• [Work required]: Your copy should contain exactly the lines from the start of the material through the line containing "Nesta sexta-feira, 11", and no pictures.

• [Provided entries]:
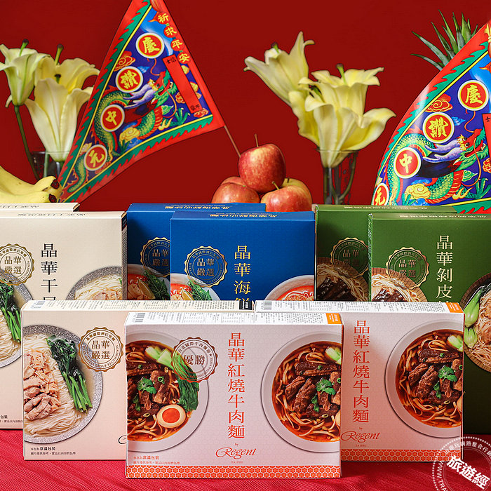 除了「祈福三寶」外,晶華也把各式常溫麵點禮盒集合成「麵麵俱到彭湃組」,三盒干貝雞湯麵、以及紅燒牛肉麵、剝皮辣椒雞湯麵和海鮮叻沙麵各二盒,9盒優惠價1,999元,體面的包裝以及市場肯定的美味,展現滿滿的誠意。
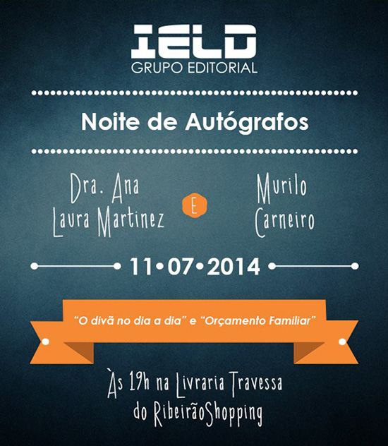 Nesta sexta-feira, 11 de julho, acontece na Livraria Travessa do RibeirãoShopping, a partir das 19 horas, uma noite especial, onde os autores Murilo Carneiro e Ana Laura Martinez autografarão seus livros “Orçamento familiar” e “O divã no dia a dia”, respectivamente. Ambos os títulos publicados pela editora e que são um sucesso entre os leitores mais assíduos dos temas.
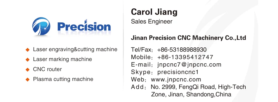 Jinan Precision CNC Machinery CO.,LTD-это коллекция исследований и разработок, дизайна, производства оборудования с ЧПУ, которое специализируется на различных рекламных станках с ЧПУ, деревообрабатывающих станках с ЧПУ, фрезерных станках с ЧПУ, лазерной гравировке и резке, станках лазерной маркировки. Наша продукция экспортируется в более чем 40 стран Европы, Ближнего Востока, Африки, Азии, они хорошо приветствуются и завоевали доверие и удовлетворение клиентов. Мы учимся на зарубежных передовых технологиях, принимаем Импортные высококачественные запасные части для гарантии качества машины. Наши продукты имеют сертификаты CE FDA.
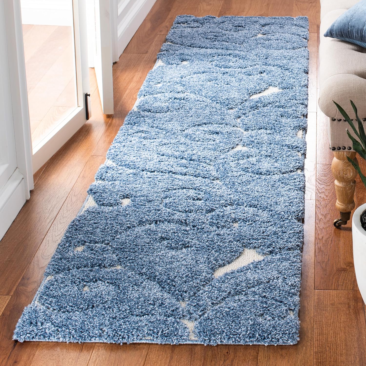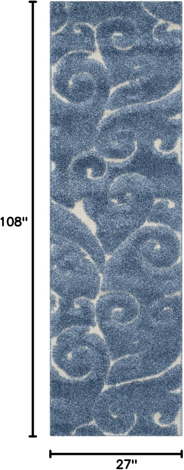 SAFAVIEH Florida Shag Collection Runner Rug - 2'3" x 9', Light Blue & Cream, Scroll Design, Non-Shedding & Easy Care, 1.2-inch Thick Ideal for High Traffic Areas in Living Room, Bedroom (SG455-6011)
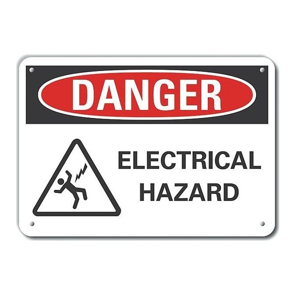 Aluminum Electrical Hazard Danger Sign, Horizontal Rectangle, Number of Printed Sides 1, English, Sign Format ANSI/OSHA Format, Sign Legend Electrical Hazard, Sign Legend Background Color White, Sign Legend Style Symbol and Text
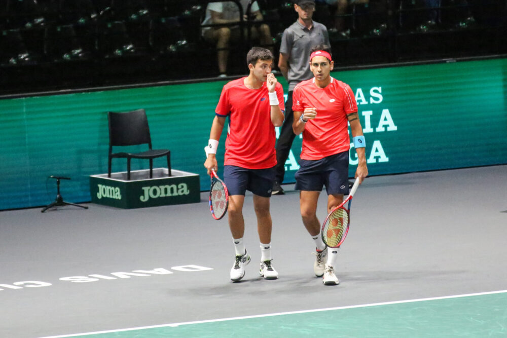 Nel doppio, decisivo soltanto ai fini del tie odierno, Tomas Barrios Vera e Nicolas Jarry superano Norbert Gombos e Lukas Klein per 6-4 6-7 (3) 7-6 (5) in due ore e 49 minuti di gioco, griffando così il punto della vittoria per il Cile. Nel primo set gli slovacchi annullano tre palle break nel sesto game, poi a loro volta non ne sfruttano due nel settimo. Nel nono gioco i cileni cancellano un altro break point, poi, però, nel decimo sono i sudamericani a centrare il break a trenta che vale il 6-4 in 43′. Nella seconda frazione gli slovacchi subiscono il break ai vantaggi nel game d’apertura e lo difendono fino al decimo game, quando vanno a servire per il set sul 5-4. Puntuale, però, arriva il controbreak dei cileni, che trovano il 5-5, per poi passare a condurre sul 6-5. Nel dodicesimo game il Cile si procura tre match point consecutivi, ma la coppia slovacca risale dallo 0-40 e porta la contesa al tiebreak: dal 2-3 Gombos e Klein vincono 5 punti consecutivi e pareggiano i conti sul 7-6 (3) in 64 minuti. Nella partita decisiva il primo vero sussulto arriva nel dodicesimo game, quando la coppia cilena deve annullare un match point ai cechi, prima di poter giungere ad un giusto epilogo al tiebreak. Scambio di minibreak tra terzo e quarto punto, poi il Cile dal 4-4 vince due punti consecutivi e guadagna due match point sul 6-4. I sudamericani mancano il primo, col servizio a disposizione, ma convertono il secondo, in risposta, e conquistano la vittoria sul 7-6 (5) in 62′. Vengono giocati nel complesso 219 punti, dei quali 112 vinti dai sudamericani e 107 dagli europei. Per i cileni 22 vincenti e 10 errori gratuiti, contro il bilancio di 19-20 degli slovacchi.
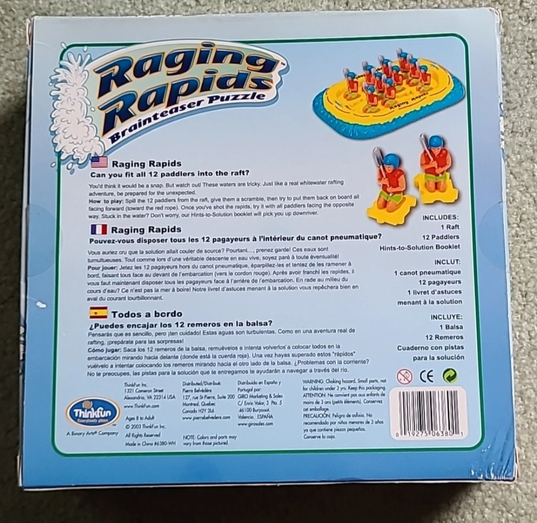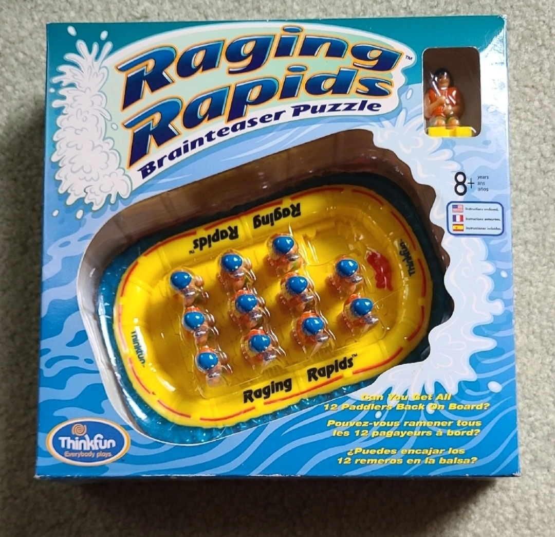 Get ready for some brain-teasing fun with the Thinkfun Raging Rapids puzzle! This game is perfect for ages 8 and up and includes: - 1 raft - 12 paddlers - Hints-to-Solution booklet Can you fit all 12 paddlers into the raft? It's trickier than it looks!
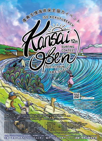 第12回関西オープン2025 伊勢志摩・国府の浜 2025年7月13日(日) 皆さんありがとうございました。 波と天候に恵まれ無事に開催させて頂きました。 エントリー協力者323名(16歳以下47名) スタッフ協力者44名、運営費寄付26口、 物品協賛8社、この皆さんのおかげで 復興支援海岸保全協力金として ¥875000を預かりました。 この支援金は志摩市にお願いして 復興支援金、もしくは海岸保全協力金として どこかへ送金させて頂きます。 結果報告はこちら また、次回も皆さんの協力をよろしくお願い致します。 |

• [Written solution]:
 除了「祈福三寶」外,晶華也把各式常溫麵點禮盒集合成「麵麵俱到彭湃組」,三盒干貝雞湯麵、以及紅燒牛肉麵、剝皮辣椒雞湯麵和海鮮叻沙麵各二盒,9盒優惠價1,999元,體面的包裝以及市場肯定的美味,展現滿滿的誠意。
 Nesta sexta-feira, 11 de julho, acontece na Livraria Travessa do RibeirãoShopping, a partir das 19 horas, uma noite especial, onde os autores Murilo Carneiro e Ana Laura Martinez autografarão seus livros “Orçamento familiar” e “O divã no dia a dia”, respectivamente. Ambos os títulos publicados pela editora e que são um sucesso entre os leitores mais assíduos dos temas.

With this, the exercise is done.